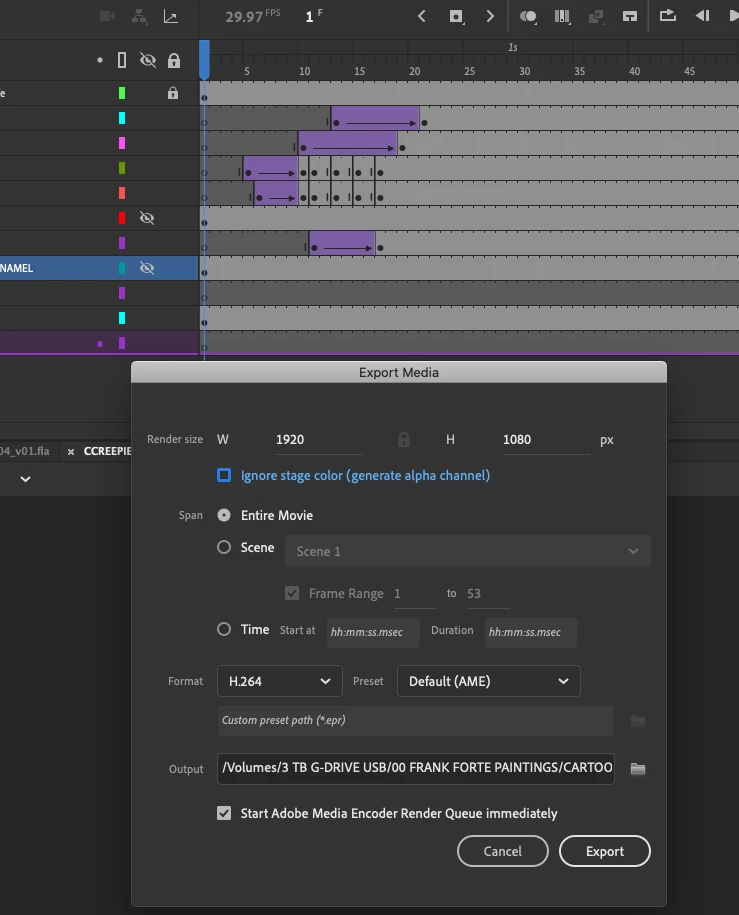 Media encoder not auto opening and converting when I export avide/media file from Animate
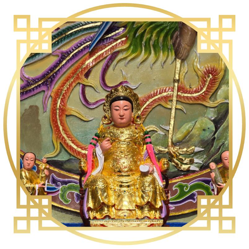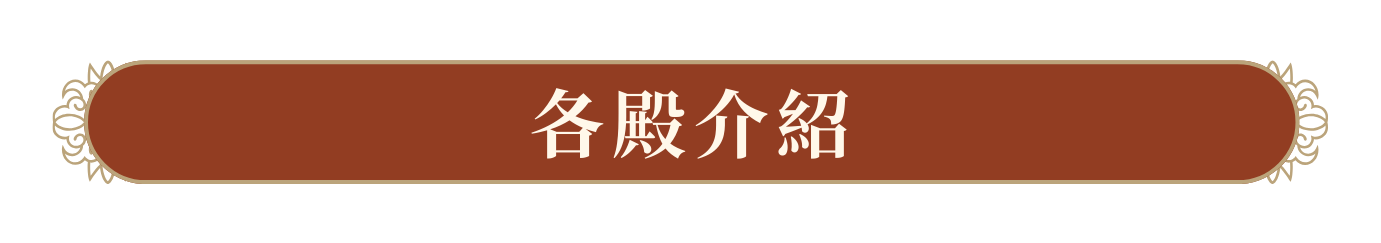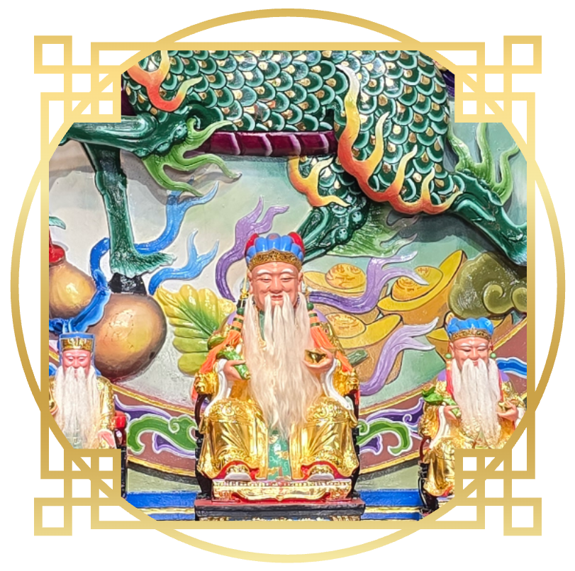 • 陪祀:三官大帝、太陽星君、太陰星君、南斗星君、北斗星君
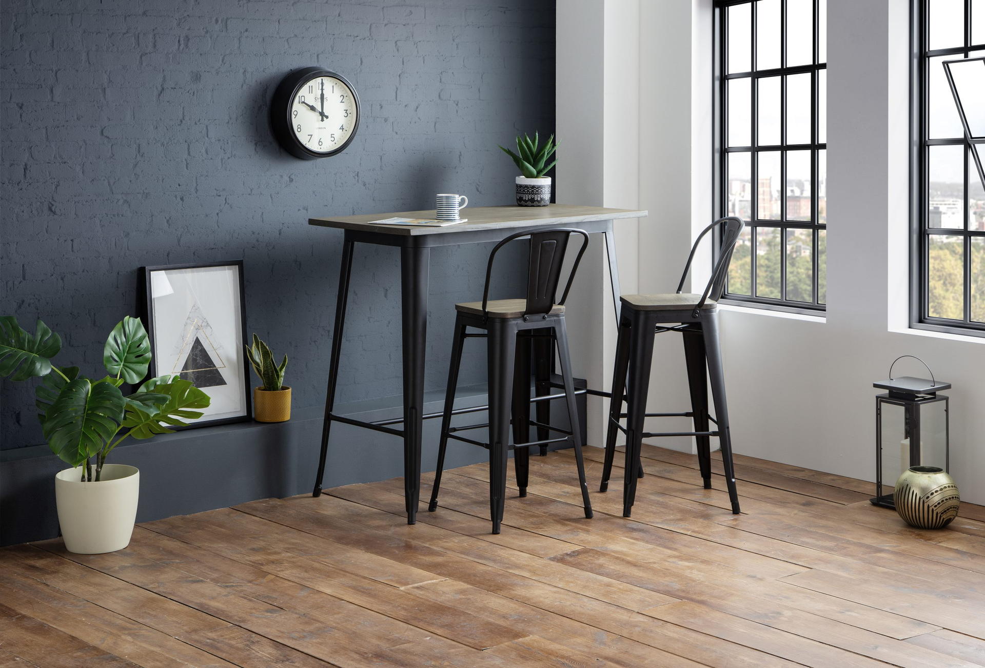 Crafted from Solid Elm wood and Satin black powder coated steel.

§ **Work required**:
Give back the material word for word, without images.

§ **Output for this task**:
 Media encoder not auto opening and converting when I export avide/media file from Animate
 • 陪祀:三官大帝、太陽星君、太陰星君、南斗星君、北斗星君
 Crafted from Solid Elm wood and Satin black powder coated steel.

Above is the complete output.